稍许时间后,拉斯特丽丝来到医疗部,病房中央用一张绿色的帘子隔开,拉斯特丽丝面前的床上躺着一个小小的,蜷缩成一团的婴儿,帘子背后隐约能看到另一张床的轮廓,床上躺着一个毫无生气的影子。拉斯特丽丝皱了皱眉问道,这不是一只猴子吗?你们说的莱比亚的遗腹子在哪里?

医疗部长回答道,主管,这就是莱比亚的孩子,是个女孩。拉斯特丽丝沉默了一会接着问道,我不是很熟悉生理学,胎儿正常来说应该是这个样子的吗?医疗部长回到,是因为她的下半身在实验事故中粉碎,可能是受爆炸波及的缘故,虽然我们进行了简单的急救处理,但是……

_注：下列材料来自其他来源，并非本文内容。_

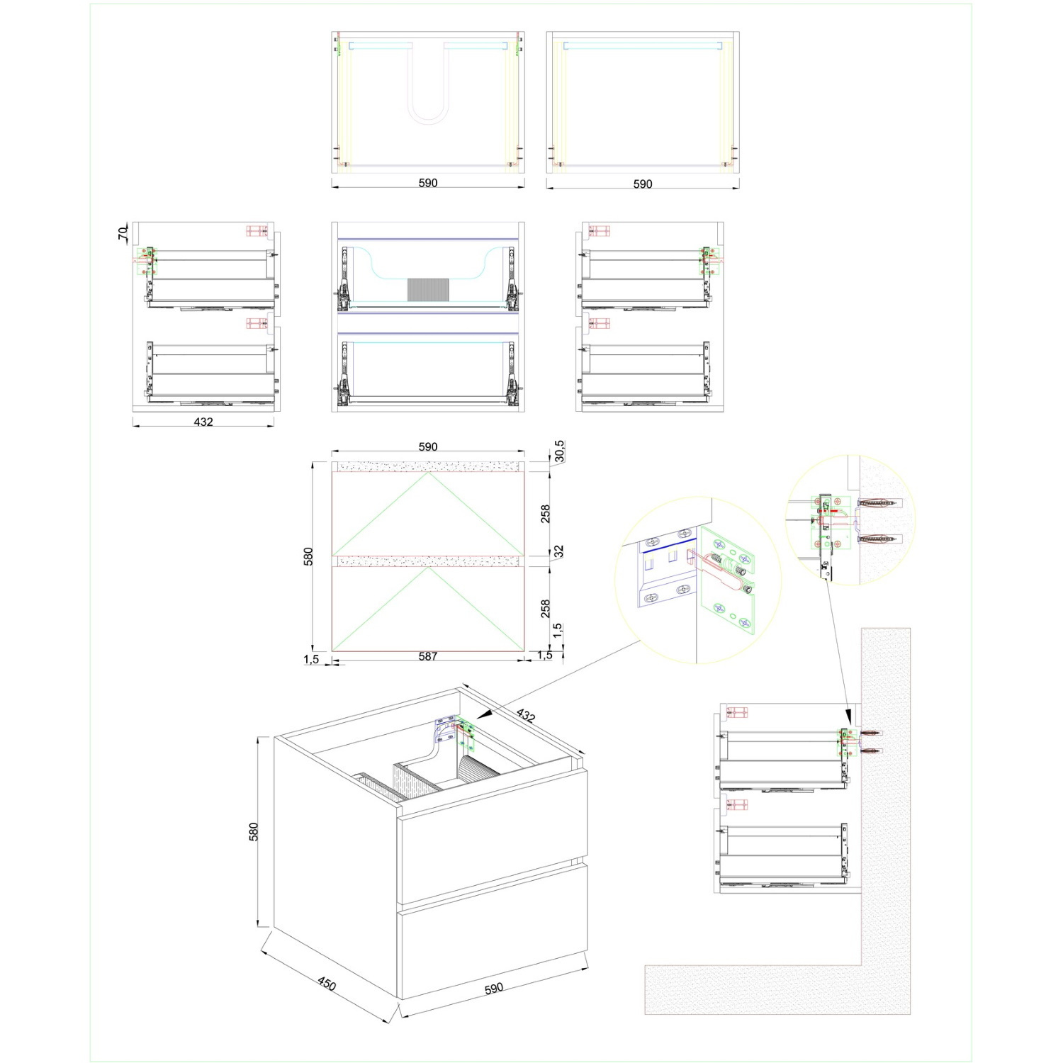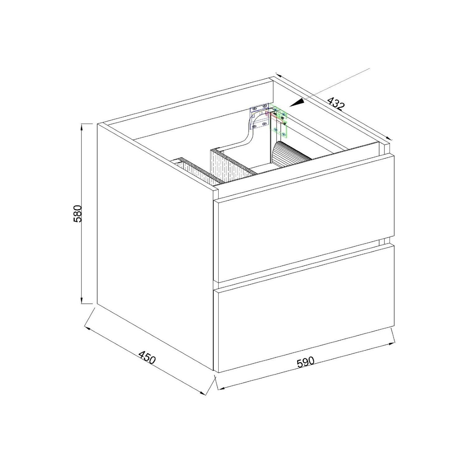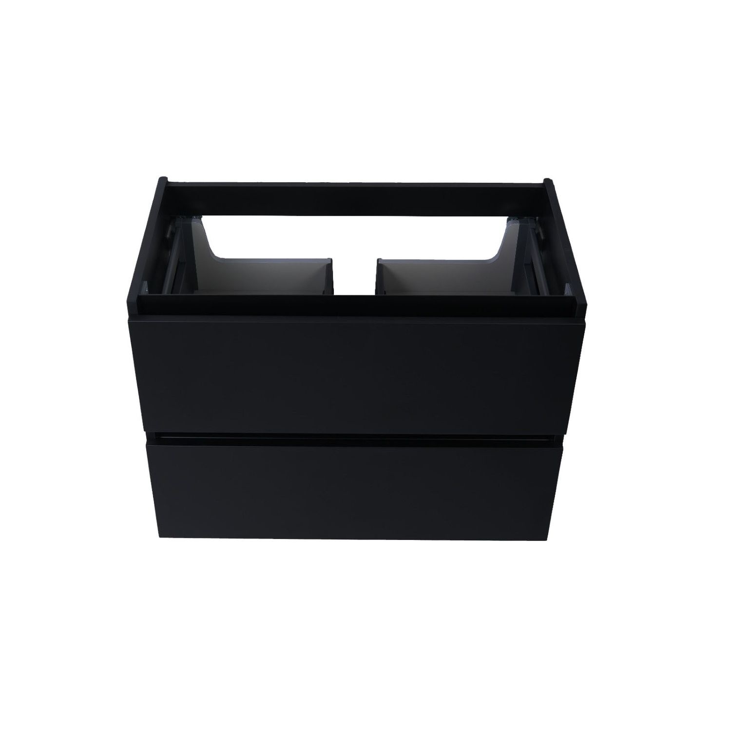 De Maia wastafelmeubel van het merk Boss & Wessing is een prachtige aanwinst voor in uw badkamer. De onderkast heeft een stijlvol design en een fraaie mat zwarte afwerking. De onderkast bevat twee softclose lades waarin uw toiletartikel bij de hand en netjes kan opbergen. Het softclose systeem van de lades zorgt er voor dat de lades geleidelijk en geruisloos dichtvallen zonder uw kast te beschadigen. De bijpassende topblad kunt u onderaan de pagina eenvoudig bijbestellen. De onderkast heeft een breedte van 59 cm, een hoogte van 58 cm en een diepte van 45 cm.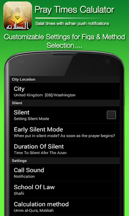 -- Additionally you can also change mazhab and calculation method for pray time calculation

拉斯特丽丝继续问道,要怎么样才能治好她?医疗部长叹了一口气说道,恐怕我们办不到,为了将一个发育没有彻底完成的新生儿从死神的镰刀下夺过来,我们已经拼尽全力了,而且对于一个婴儿而言,到现在还活着已经是一个奇迹了。

拉斯特丽丝抬眸看了一眼被绿布遮盖的莱比亚,皱了皱眉,问道,母体死亡而胎儿活着的情况,很常见吗?医疗部长回到,古代常有这种事发生,那时候医疗条件落后,女性分娩的时候可能会大出血,导致难产死亡,现在医学发展起来,很少有救不了母亲的情况。

拉斯特丽丝继续问道,下一批补给舰什么时候到来,将这个孩子随下一班补给舰遣返大陆。医疗部长回应道,暂时没办法将她送回去了,“潜航日”马上就到了……拉斯特丽丝皱了皱眉,允许了将婴儿留下来。医疗部长问道,您要给她取个名字吗?拉斯特丽丝平静回到,随便,这种事情不要过问我,给她安一个工号,名字只是一个代称。

医疗部长看着拉斯特丽丝沉默良久,最后,拉斯特丽丝像是妥协了一般叹了口气,说道,既然她的母亲叫莱比亚,那就管她叫拉弥亚吧。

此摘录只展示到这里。